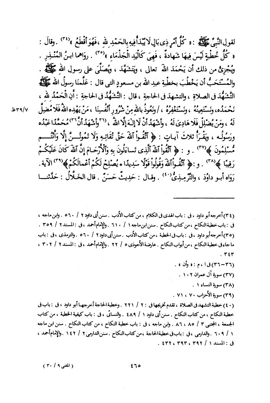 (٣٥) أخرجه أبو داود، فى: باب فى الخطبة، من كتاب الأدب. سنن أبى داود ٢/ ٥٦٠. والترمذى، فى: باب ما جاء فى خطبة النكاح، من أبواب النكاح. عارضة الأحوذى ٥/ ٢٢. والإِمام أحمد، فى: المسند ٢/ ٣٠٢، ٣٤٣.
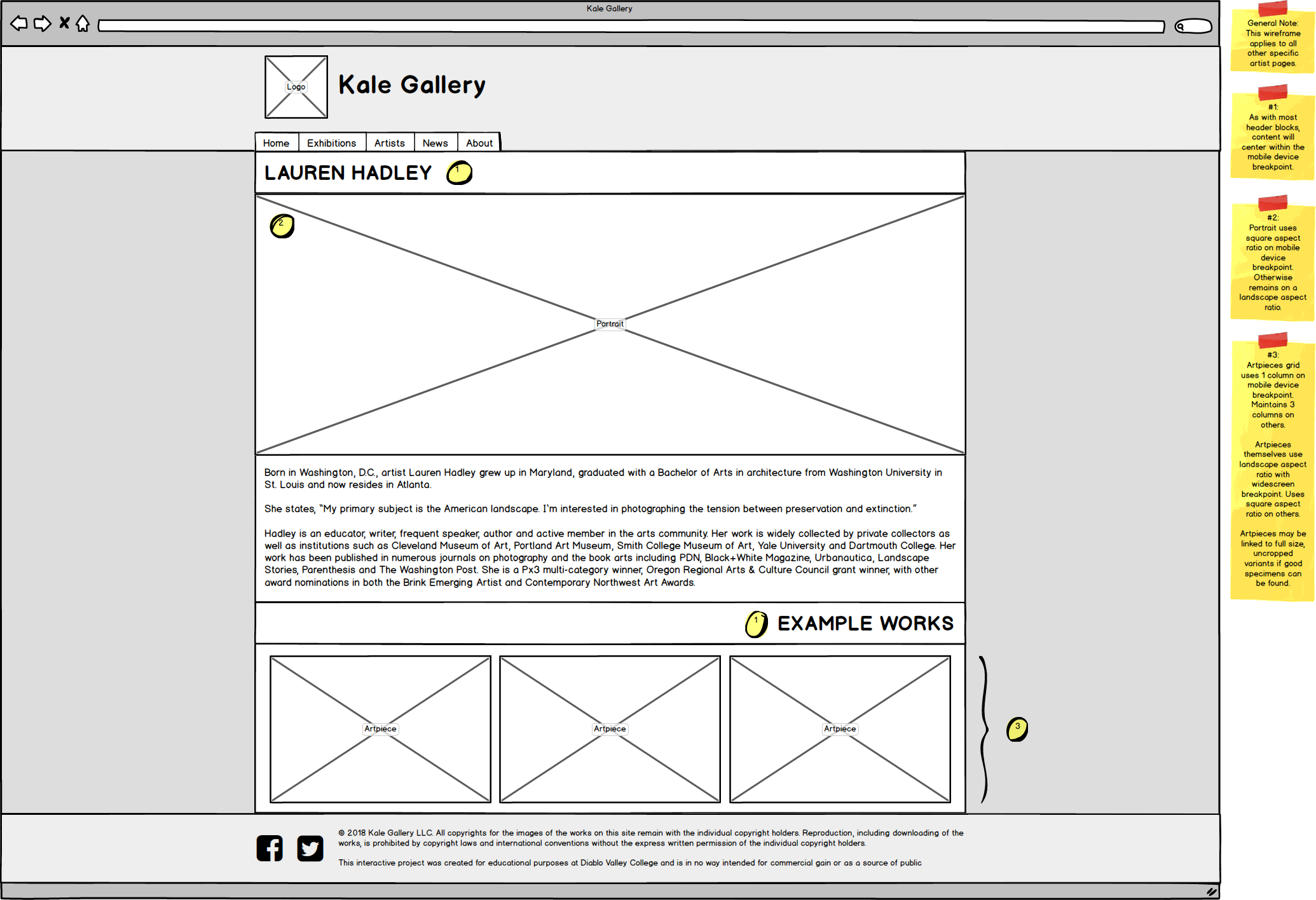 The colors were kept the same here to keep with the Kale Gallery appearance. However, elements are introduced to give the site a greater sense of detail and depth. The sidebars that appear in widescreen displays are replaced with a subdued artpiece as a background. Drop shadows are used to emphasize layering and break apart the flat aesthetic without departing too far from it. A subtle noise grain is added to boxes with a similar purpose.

┄┄┄┄┄┄┄┄┄┄┄┄┄┄┄┄┄┄┄┄

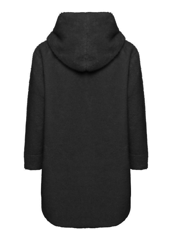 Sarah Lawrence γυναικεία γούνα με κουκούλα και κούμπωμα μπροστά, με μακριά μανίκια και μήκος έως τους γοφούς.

┄┄┄┄┄┄┄┄┄┄┄┄┄┄┄┄┄┄┄┄

* _WHAT THE TASK ASKS_
The stretch above running from the line with "(٣٥) أخرجه أبو" through the line with "The colors were" is all you should copy, exactly, leaving out the pictures.

* _RESULT BELOW_
 (٣٥) أخرجه أبو داود، فى: باب فى الخطبة، من كتاب الأدب. سنن أبى داود ٢/ ٥٦٠. والترمذى، فى: باب ما جاء فى خطبة النكاح، من أبواب النكاح. عارضة الأحوذى ٥/ ٢٢. والإِمام أحمد، فى: المسند ٢/ ٣٠٢، ٣٤٣.
 The colors were kept the same here to keep with the Kale Gallery appearance. However, elements are introduced to give the site a greater sense of detail and depth. The sidebars that appear in widescreen displays are replaced with a subdued artpiece as a background. Drop shadows are used to emphasize layering and break apart the flat aesthetic without departing too far from it. A subtle noise grain is added to boxes with a similar purpose.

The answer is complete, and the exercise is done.